Seventh Cross Evolution (Dreamcast) review"When I was a film major last year, in a class that was to serve as an introduction to film narrative, I learned of a guy named Bertol Brecht. He was a German playwright who thought that if you wanted to pass a message on to the audience (usually involving Marxist theory) you must detach the audience from the play. You cannot let your audience get caught up in a story or to show sympathy with characters because they will not understand your message and be too caught up in your story, or so the th..." |
When I was a film major last year, in a class that was to serve as an introduction to film narrative, I learned of a guy named Bertol Brecht. He was a German playwright who thought that if you wanted to pass a message on to the audience (usually involving Marxist theory) you must detach the audience from the play. You cannot let your audience get caught up in a story or to show sympathy with characters because they will not understand your message and be too caught up in your story, or so the theory went.
UFO Interactive's Seventh Cross: Evolution successfully detaches the gamer away from its experience. The Marxist theory is not present here, replaced by Social Darwinism. None of that won't matter, though, since you'll be chucking this giga-disc out of you system within 15 minutes to go play some more NFL 2K.
7th Cross has you as creature climbing out of the ooze to grow and evolve over time, destroying all that is week in your path. And that is it actually. That's all you do. There is no story, there are no characters. It's as if Brecht came back and got REALLY bored and decided to help and a bunch of Japanese programmers. I mean, all you'll do in this game is wonder around and kill stuff. That's it. You will gain levels and distribute experience points, but still, all you'll do is bang away at smaller enemies and have bigger enemies killing you at every turn. Even worse, it takes an ungodly 173 memory card pages to save your progress. And to think publishers believe Sakura Wars won't go down with US gamers because it has dating segments.

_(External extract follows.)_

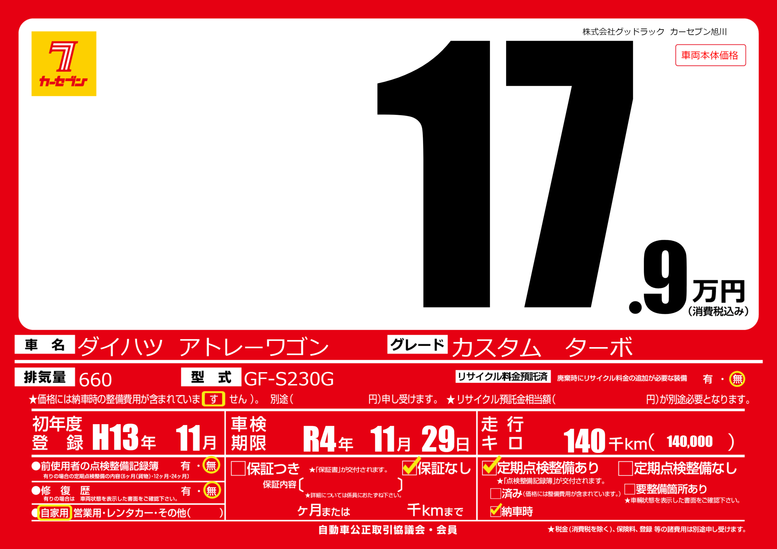 | 走行キロ | 14万km | 初年度登録 | H13年11月 |

The graphics are something else. They look like that computer animation stuff that goes along with John Tesh in ''Natural Wonders.'' The whole world is quite bland and it never seems to change.
The sound is nearly non-existent. You'll hear nothing but some cruddy sound effects that could've been done on a Colecovision when you hit enemies, or swim. The only music is this funky techno/porno music when you pick 6 colors to represent certain aspects such as strength and defense and PSI (which never figured in when I played).
The less said about this game the better. It's a little more impressive than EGG was, but not by much. This game has been floating around with a $15 price tag at places like EB and Software ETC so if you see somebody considering a purchase, for the love of God stop them!